§ Your instructions
Would you reproduce every record exactly, leaving out the pictures?
........
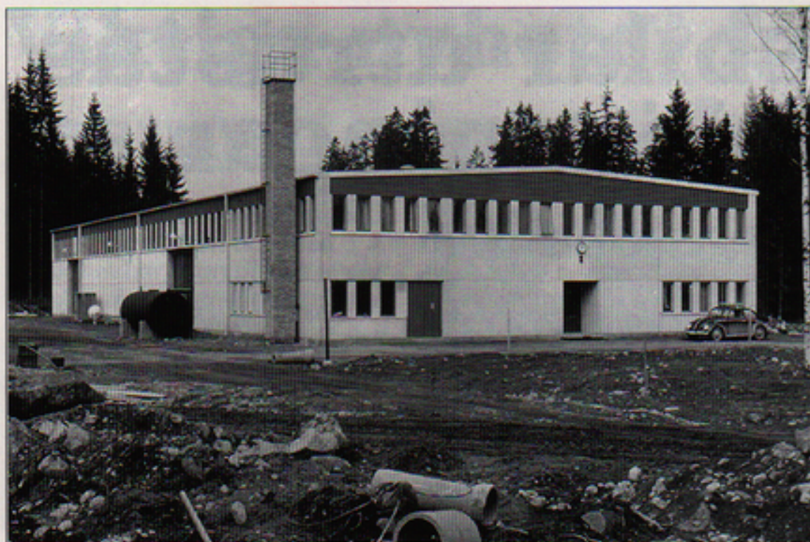
Nybyggarandan blomstrade 1964 och så småningom även verksamheten i Telubs första egna fastighet. Men nu är den inte vår längre. Ett bilföretag har tagit över. Lite vemodigt!
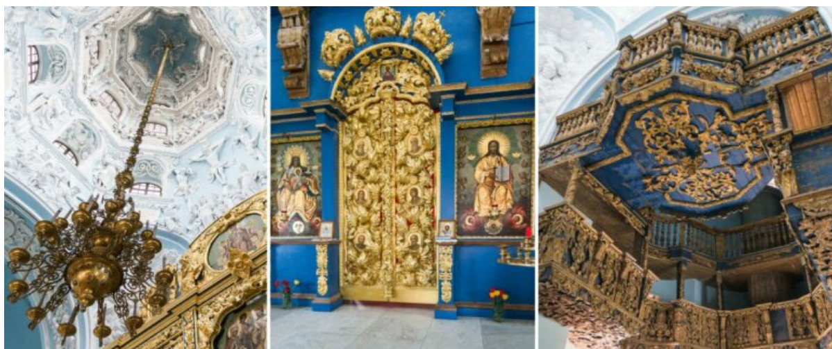
frammenti dell'iconostasi, cupola e galleria del coro all'interno della chiesa dell'Icona della Madre di Dio del Segno
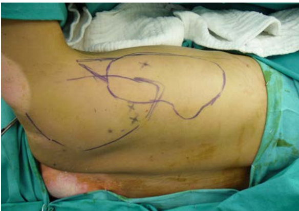
Şekil 7: Latissimus dorsi kas deri flebi planı
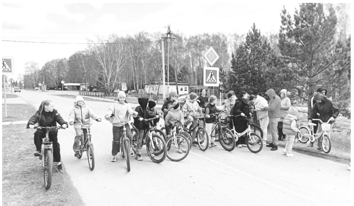
|| Фото из архива участников велогонки

Без наград ни остался никто, все участники соревнований получили утешительные призы.
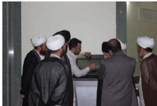
سامانه نرم افزار و سخت افزار کیوسک هوشمند کوثر
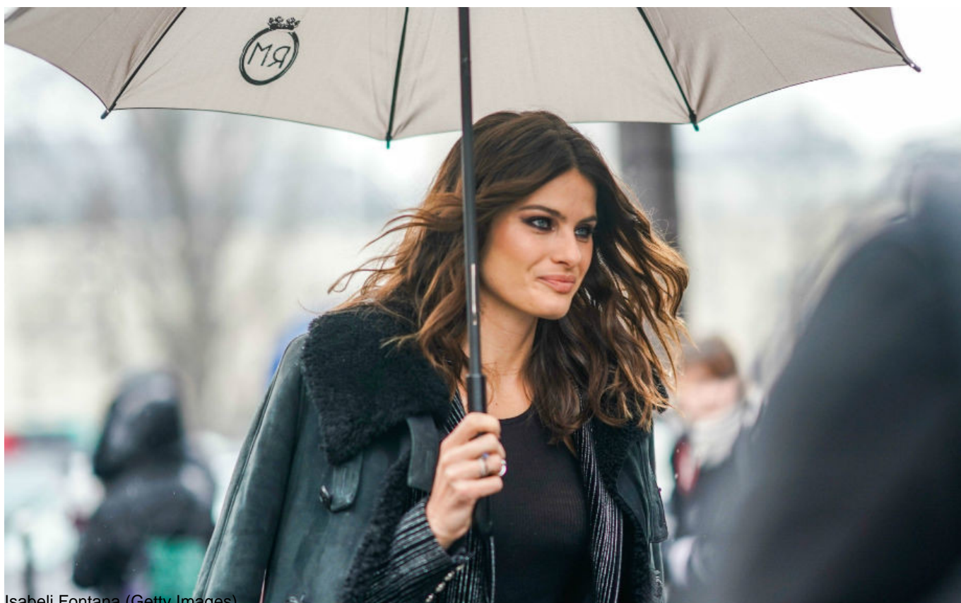
Isabeli Fontana

3. LO STYLING A ONDE MESSY Pioggia e umidità rendono i capelli più voluminosi? Sfruttate l'effetto per creare un'acconciatura ondulata e scompigliata texturizzando le lunghezze con uno spray salino e, se serve, modellando le ciocche con un tocco di gel con le dita. Infine, il risultato finale va protetto con uno spray anti-frizz: ne avrà bisogno soprattutto chi ha i capelli lisci, più esposti all'effetto crespo della pioggia.
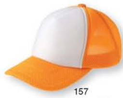
157 ゴールドイエロー ×ホワイト
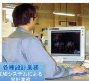
各種設計業務 CADシステムによる 設計業務
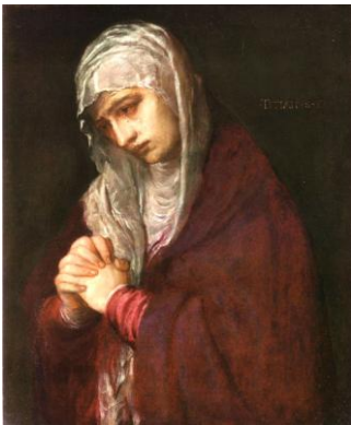
(Titiaan, Mater Dolorosa , 1555.)
........
§ Solution to this problem
Nybyggarandan blomstrade 1964 och så småningom även verksamheten i Telubs första egna fastighet. Men nu är den inte vår längre. Ett bilföretag har tagit över. Lite vemodigt!
frammenti dell'iconostasi, cupola e galleria del coro all'interno della chiesa dell'Icona della Madre di Dio del Segno
Şekil 7: Latissimus dorsi kas deri flebi planı
|| Фото из архива участников велогонки

Без наград ни остался никто, все участники соревнований получили утешительные призы.
سامانه نرم افزار و سخت افزار کیوسک هوشمند کوثر
Isabeli Fontana

3. LO STYLING A ONDE MESSY Pioggia e umidità rendono i capelli più voluminosi? Sfruttate l'effetto per creare un'acconciatura ondulata e scompigliata texturizzando le lunghezze con uno spray salino e, se serve, modellando le ciocche con un tocco di gel con le dita. Infine, il risultato finale va protetto con uno spray anti-frizz: ne avrà bisogno soprattutto chi ha i capelli lisci, più esposti all'effetto crespo della pioggia.
157 ゴールドイエロー ×ホワイト
各種設計業務 CADシステムによる 設計業務
(Titiaan, Mater Dolorosa , 1555.)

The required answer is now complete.